■ GOAL OF THE EXERCISE
An exact copy of all the data below is needed, without its pictures.

■ INPUT DATA
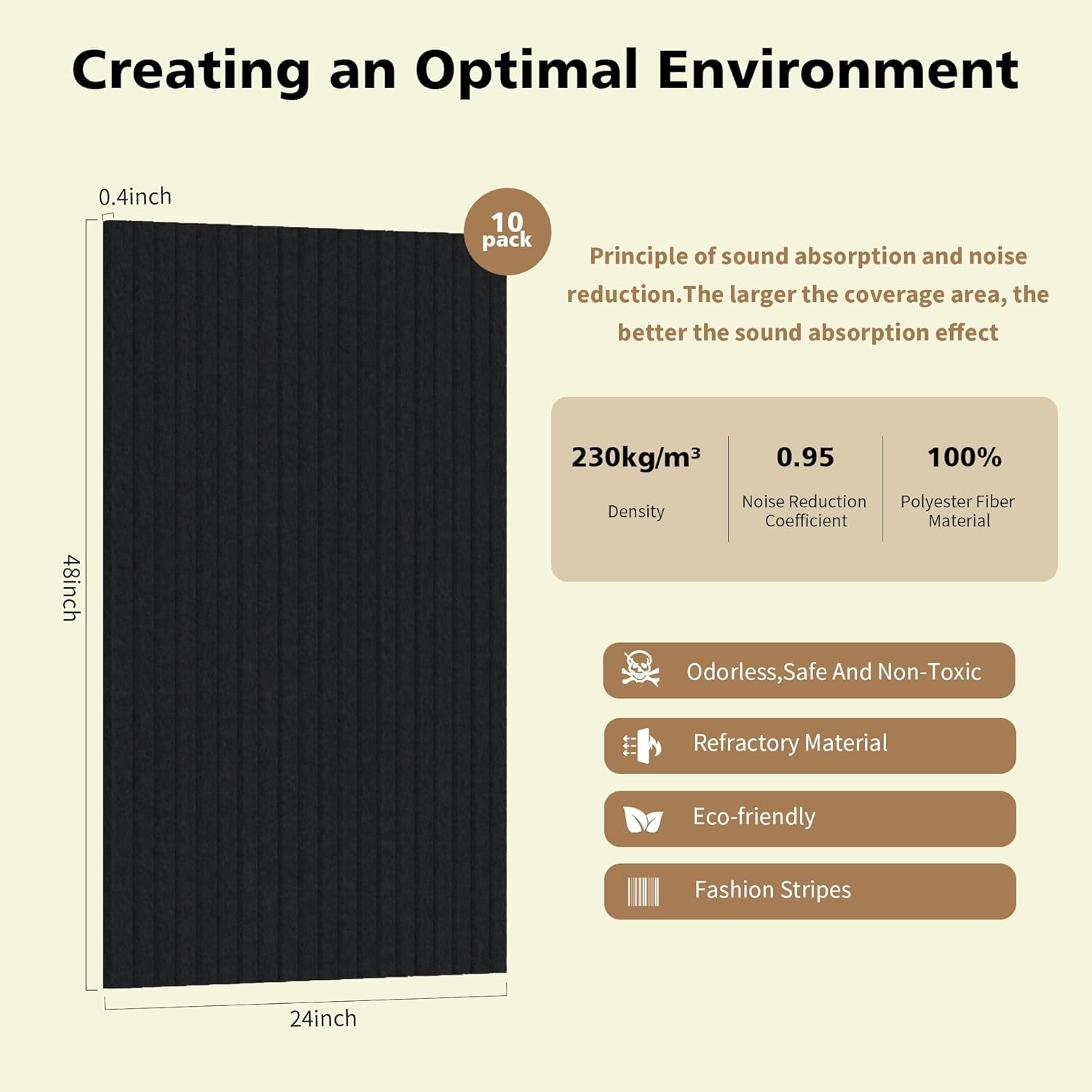 - HIGH DENSITY: Wall soundproofing panels have a density of 230kg/mΒ³ and are made of 100% polyester fiber, which is wear-resistant and durable. Ideal for use anywhere in your home or studio. The polyester fibers are dense and uniformly stiff, and their sound absorption properties remain consistent. Helps reduce background noise, echoes, and reverberation time (RT), and reduces standing waves and float.
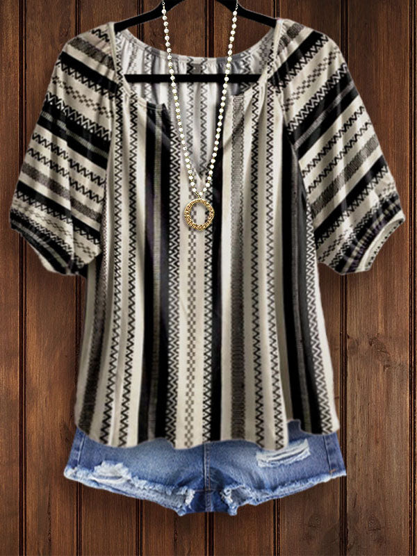 The shirt is made from breathable cotton fabric that ensures a soft and comfortable feel against your skin, making it perfect for everyday wear. There is a vertical black vertical stripe print, which is retro and fashionable. The V-neck elongates the neckline, highlights the collarbone, and adds a touch of sophistication.
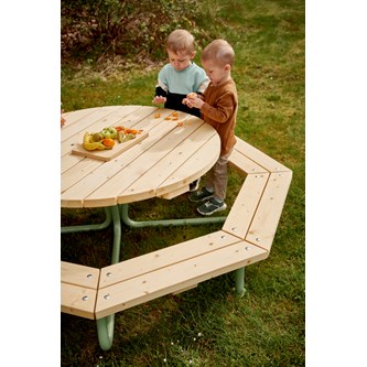 Utebord Steady Junior uten rygg i massiv skandinavisk norrlandsfuru. Varmgalvanisert understell. Bordet er forberedt for fast innstallasjon i bakken. Treet er varmebehandlet for utendørsmiljø, ThermoWood behandlingen gjør treet mer motstandsdyktig og holdbart. Varmebehandlet trevirke er skånsomt for miljøet Mål: L1500xB1100 mm. Sittehøyde 330 mm, bordhøyde 560 mm.
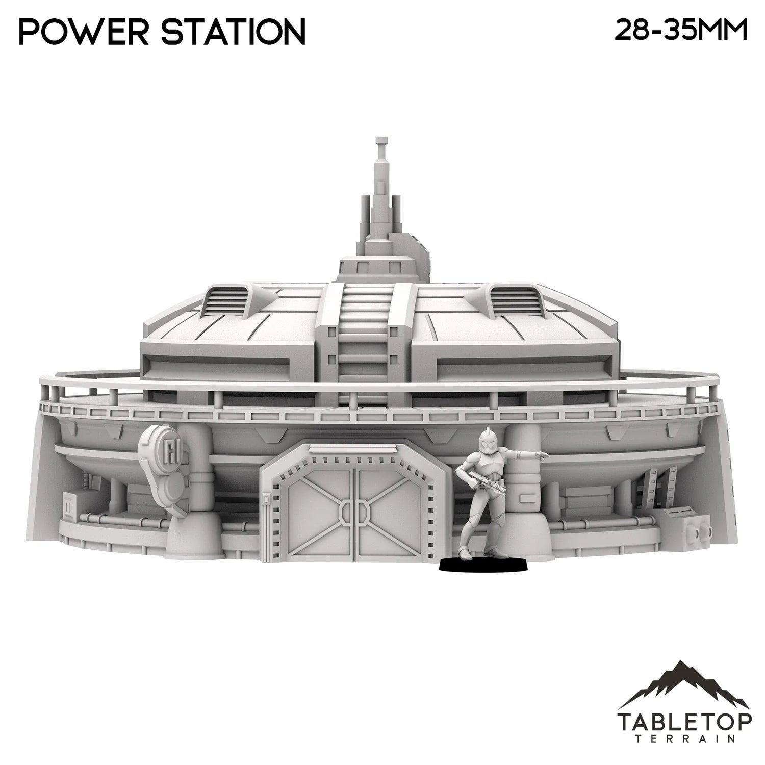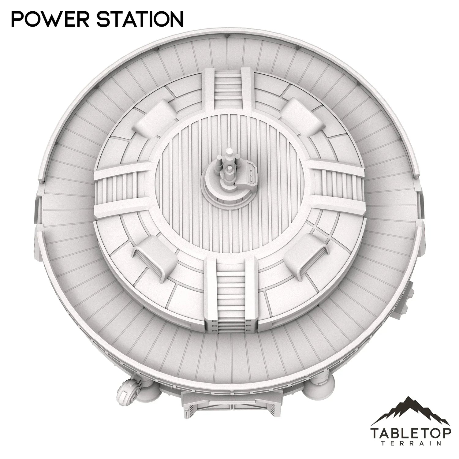 La central eléctrica es un set de una sola pieza que funciona en un paisaje urbano de ciencia ficción más grande o como una ubicación independiente. La central eléctrica tiene escaleras incorporadas en el costado que llevan a la plataforma y una barandilla que rodea la parte superior del modelo. La central eléctrica está diseñada para juegos de mesa de ciencia ficción, pero podría funcionar con cualquier género.
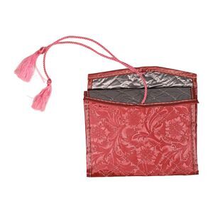 Vintage 2000s red medieval style drawstring pouch in satin with floral texture and tassel cords; measures approximately 5.75" W x 5.75" H — ideal for jewelry, gifts, or travel storage.
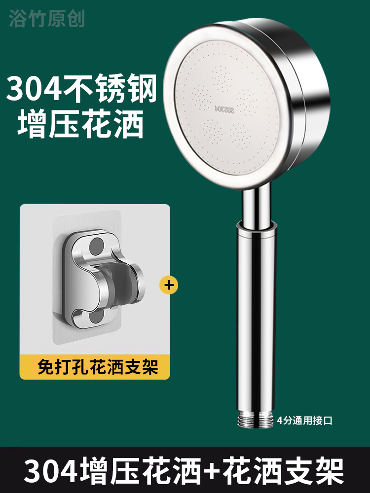• 304 스테인레스 스틸 필터 부스터 샤워 헤드 + 펀치 프리 브래킷
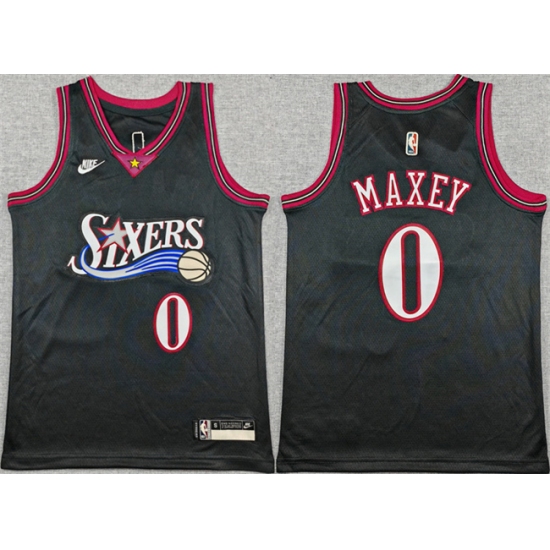 Men's Philadelphia 76ers #0 Tyrese Maxey Black 2025 Classic Edition Stitched Jersey
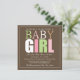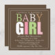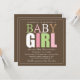 Este diseño presenta las palabras "nena" en coloridas letras pastel sobre un fondo marrón. Los detalles de la ducha para bebés se sientan debajo en blanco.
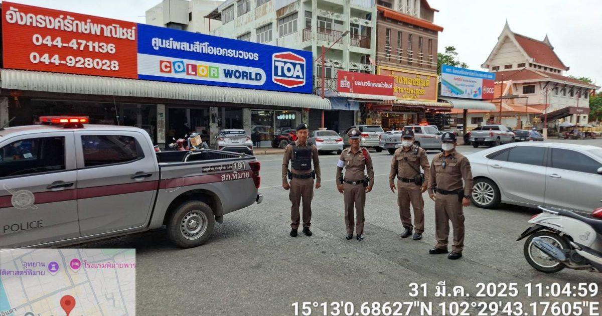 วันที่ 31 มีนาคม พ.ศ. 2568 เวลา 10.30 – 13.30 น. ภายใต้การอำนวยการของ พ.ต.อ.สิทธิศักดิ์ พรหมหมื่นไวย ผกก.สภ.พิมาย, พ.ต.ท.ประเสริฐ ฟุ้งพิมาย รอง ผกก.ป.สภ.พิมาย มอบหมายให้ พ.ต.ต.พิทยา การสร้าง สวป.สภ.พิมาย, ร.ต.อ.สุพรรณโรจน์ อิ่มวิเศษ รอง สวป.สภ.พิมาย (ปฏิบัติหน้าที่ร้อยเวรจราจร) พร้อมด้วยสายตรวจรถยนต์/รถจักรยานยนต์ และสายตรวจจราจร ร่วมตรวจตราเพื่อป้องกันปราบปรามอาชญากรรมในพื้นที่รับผิดชอบ ดังนี้

■ TASK RESULT
 - HIGH DENSITY: Wall soundproofing panels have a density of 230kg/mΒ³ and are made of 100% polyester fiber, which is wear-resistant and durable. Ideal for use anywhere in your home or studio. The polyester fibers are dense and uniformly stiff, and their sound absorption properties remain consistent. Helps reduce background noise, echoes, and reverberation time (RT), and reduces standing waves and float.
 The shirt is made from breathable cotton fabric that ensures a soft and comfortable feel against your skin, making it perfect for everyday wear. There is a vertical black vertical stripe print, which is retro and fashionable. The V-neck elongates the neckline, highlights the collarbone, and adds a touch of sophistication.
 Utebord Steady Junior uten rygg i massiv skandinavisk norrlandsfuru. Varmgalvanisert understell. Bordet er forberedt for fast innstallasjon i bakken. Treet er varmebehandlet for utendørsmiljø, ThermoWood behandlingen gjør treet mer motstandsdyktig og holdbart. Varmebehandlet trevirke er skånsomt for miljøet Mål: L1500xB1100 mm. Sittehøyde 330 mm, bordhøyde 560 mm.
 La central eléctrica es un set de una sola pieza que funciona en un paisaje urbano de ciencia ficción más grande o como una ubicación independiente. La central eléctrica tiene escaleras incorporadas en el costado que llevan a la plataforma y una barandilla que rodea la parte superior del modelo. La central eléctrica está diseñada para juegos de mesa de ciencia ficción, pero podría funcionar con cualquier género.
 Vintage 2000s red medieval style drawstring pouch in satin with floral texture and tassel cords; measures approximately 5.75" W x 5.75" H — ideal for jewelry, gifts, or travel storage.
• 304 스테인레스 스틸 필터 부스터 샤워 헤드 + 펀치 프리 브래킷
 Men's Philadelphia 76ers #0 Tyrese Maxey Black 2025 Classic Edition Stitched Jersey
 Este diseño presenta las palabras "nena" en coloridas letras pastel sobre un fondo marrón. Los detalles de la ducha para bebés se sientan debajo en blanco.
 วันที่ 31 มีนาคม พ.ศ. 2568 เวลา 10.30 – 13.30 น. ภายใต้การอำนวยการของ พ.ต.อ.สิทธิศักดิ์ พรหมหมื่นไวย ผกก.สภ.พิมาย, พ.ต.ท.ประเสริฐ ฟุ้งพิมาย รอง ผกก.ป.สภ.พิมาย มอบหมายให้ พ.ต.ต.พิทยา การสร้าง สวป.สภ.พิมาย, ร.ต.อ.สุพรรณโรจน์ อิ่มวิเศษ รอง สวป.สภ.พิมาย (ปฏิบัติหน้าที่ร้อยเวรจราจร) พร้อมด้วยสายตรวจรถยนต์/รถจักรยานยนต์ และสายตรวจจราจร ร่วมตรวจตราเพื่อป้องกันปราบปรามอาชญากรรมในพื้นที่รับผิดชอบ ดังนี้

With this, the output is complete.